Thursday, September 19, 2013
Devising Non-Unitary Merger Threshold, and Tackling Prejudices and Public Interest in Competition Policy
Posted by D. Daniel Sokol
Vikas Kathuria, Jindal Global Law School is Devising Non-Unitary Merger Threshold, and Tackling Prejudices and Public Interest in Competition Policy.
ABSTRACT: Choosing a non-unitary merger threshold system is not common for competition regimes. Consequently, less attention has been devoted to this practice by the anti-trust scholarship to trace its validity, viability and consequences. This paper takes the recommendations of the Arun Maira committee to reduce merger threshold in the Indian pharmaceutical sector as a starting point to set out the criteria to choose non-unitary threshold followed by suggestions and precautions. Discussing the prejudices in policy circles against mergers and acquisitions by MNCs of Indian pharmaceutical companies it is explained how such prejudices, especially in young competition regimes, may result in blocking potentially beneficial mergers as well.
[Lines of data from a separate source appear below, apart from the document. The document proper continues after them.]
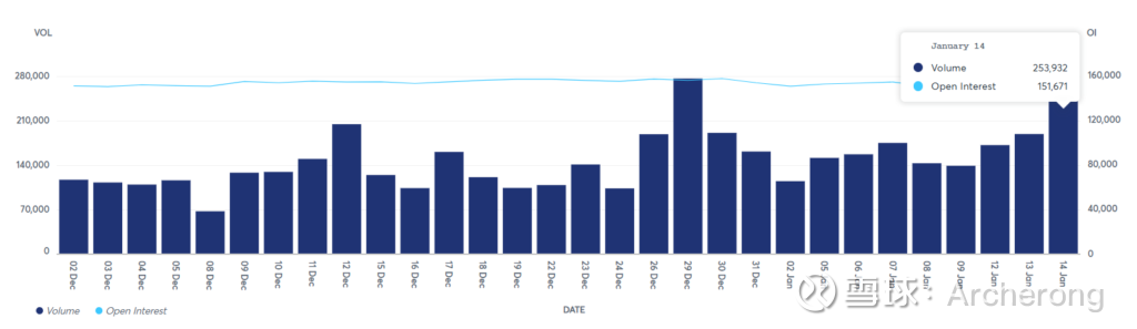 12 月 29 日,交易量暴涨至 277,392 手合约——比上年同期大幅增长 87,922 手合约,即 4.4 亿盎司——超过全球全年白银供应量的一半。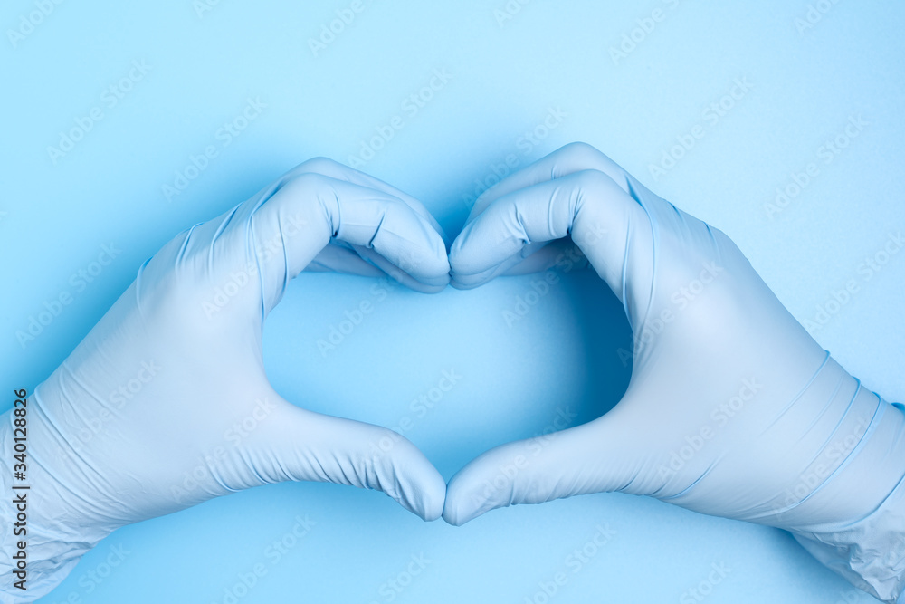 blue hand gloves making heart shape on blue background for care, love or support medical team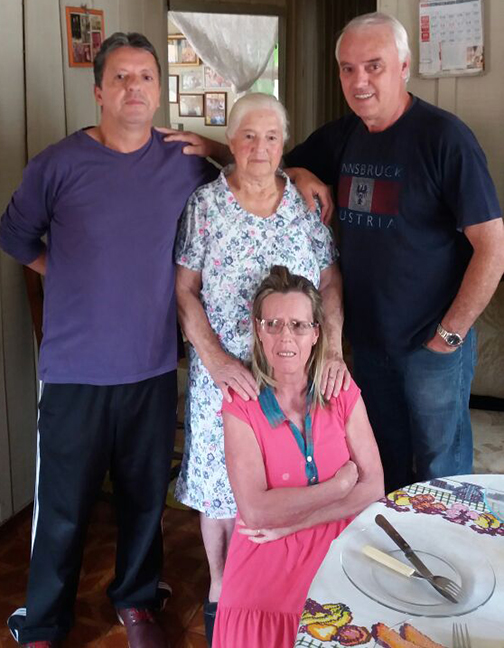 Comemorando os 93 anos de vida, aqui com os filhos Flávio, Luzia dos Santos e Luiz Ademir.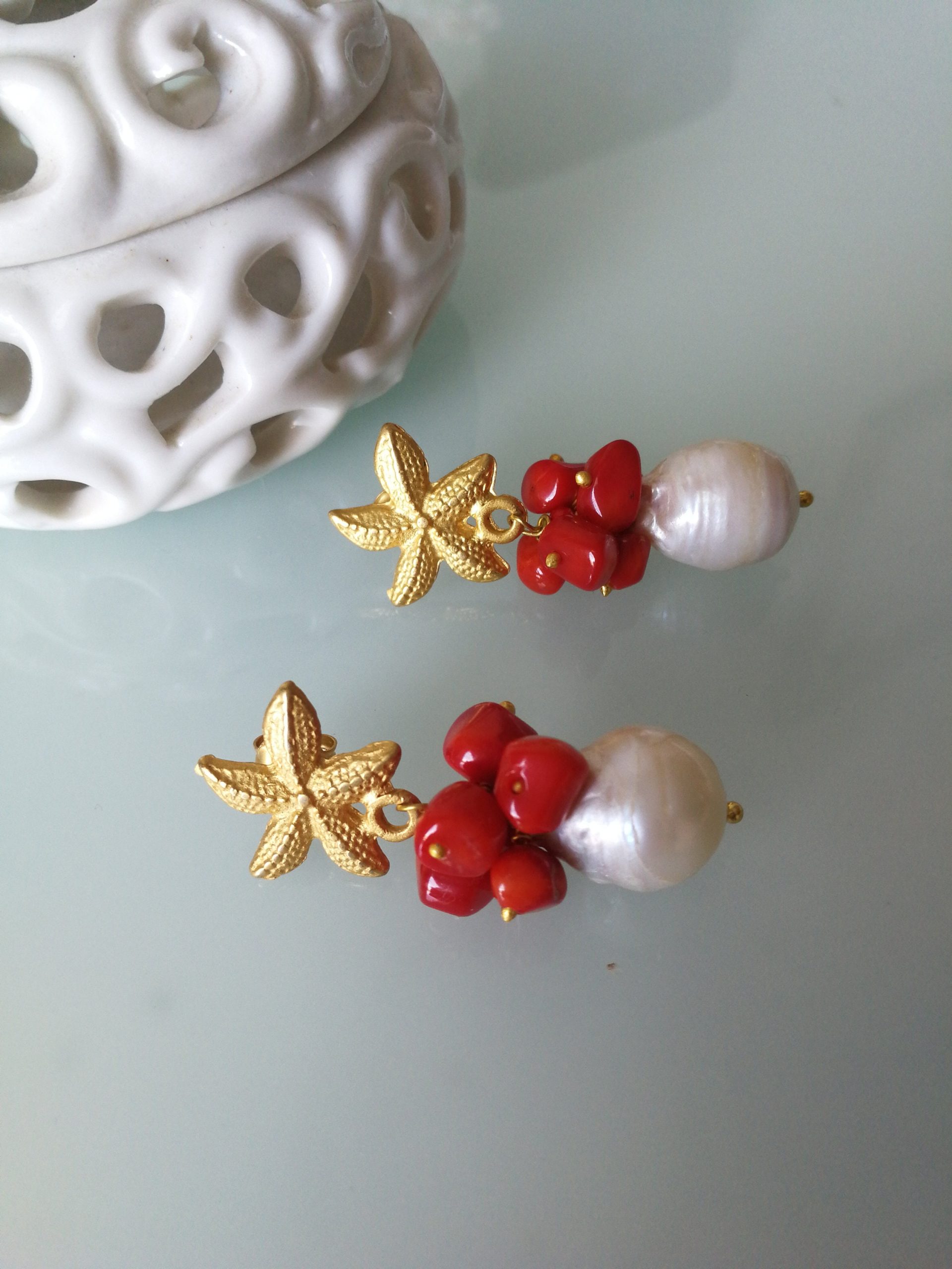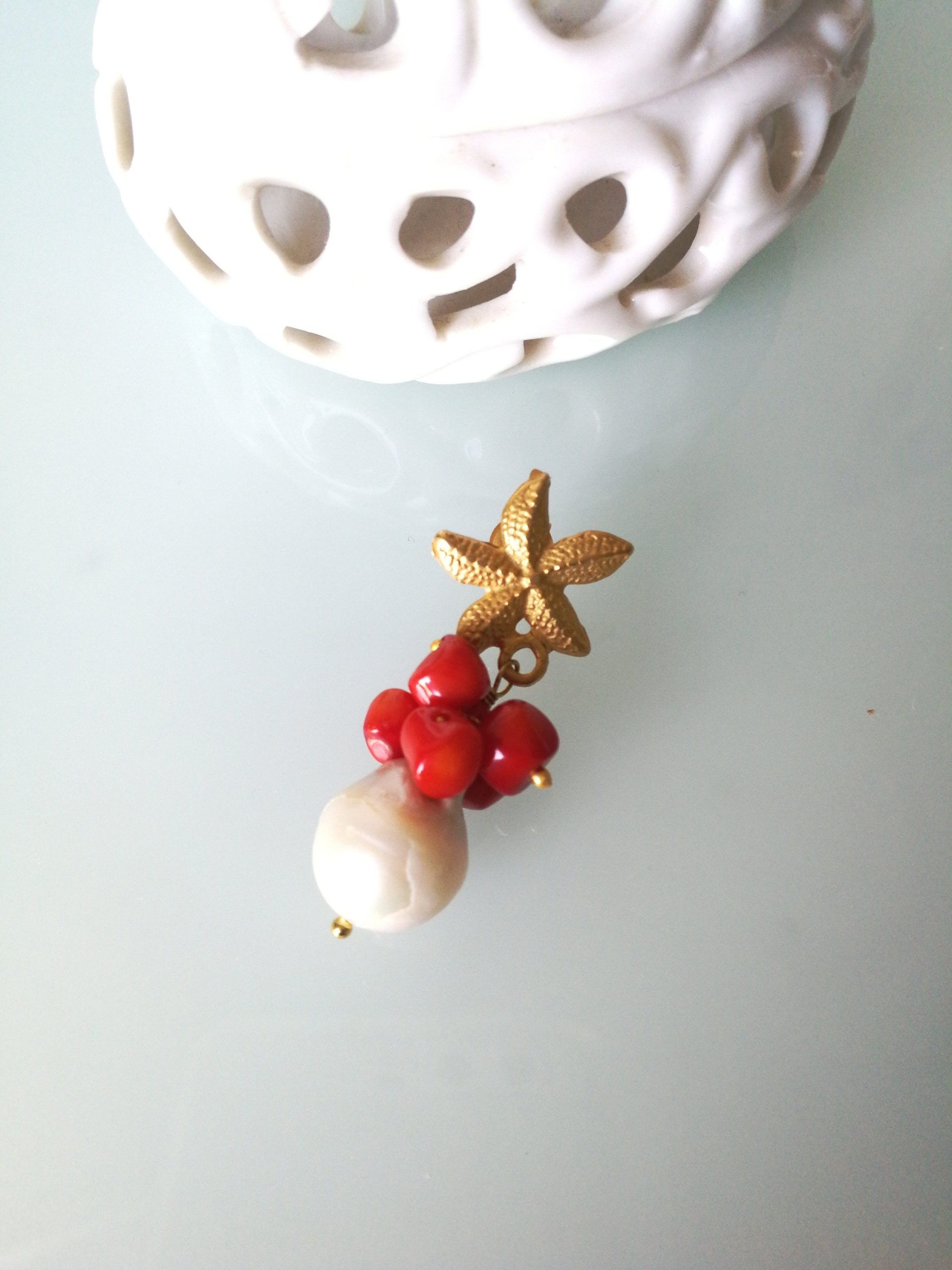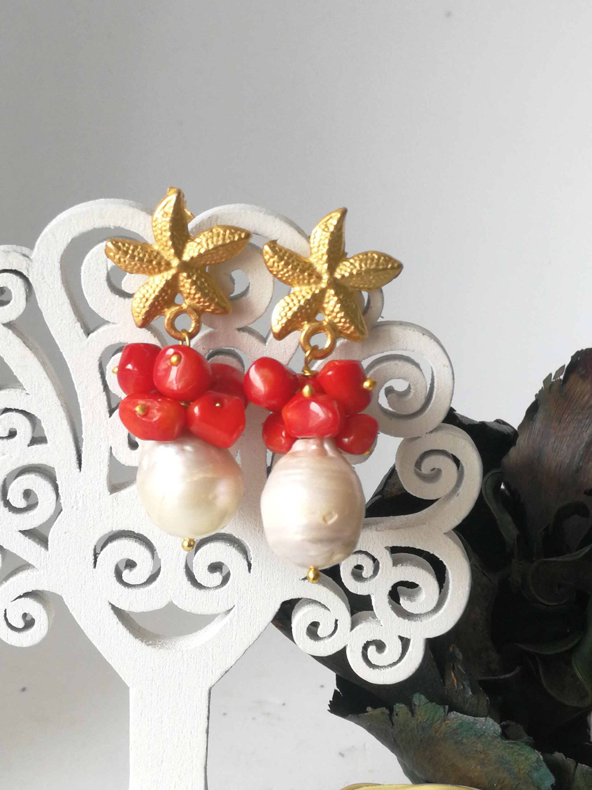 Orecchini estate con perla naturale barocca bianca,corallo rosso naturale , monachella a forma di stella in ottone satinato. Misura lunghezza 4 cm

Similarly, the adjudication of various social and political objectives through competition policy has rightly troubled the proponents of efficiency in merger scrutiny. This paper, however, takes a realistic approach and treads a middle path between efficiency considerations and obligations of welfare democratic state while suggesting solutions. The need for holistic competition policy is also emphasized to realize the full benefits of competition. The policy prescriptions and suggestions made in this paper are particularly beneficial for young competition regimes in developing countries.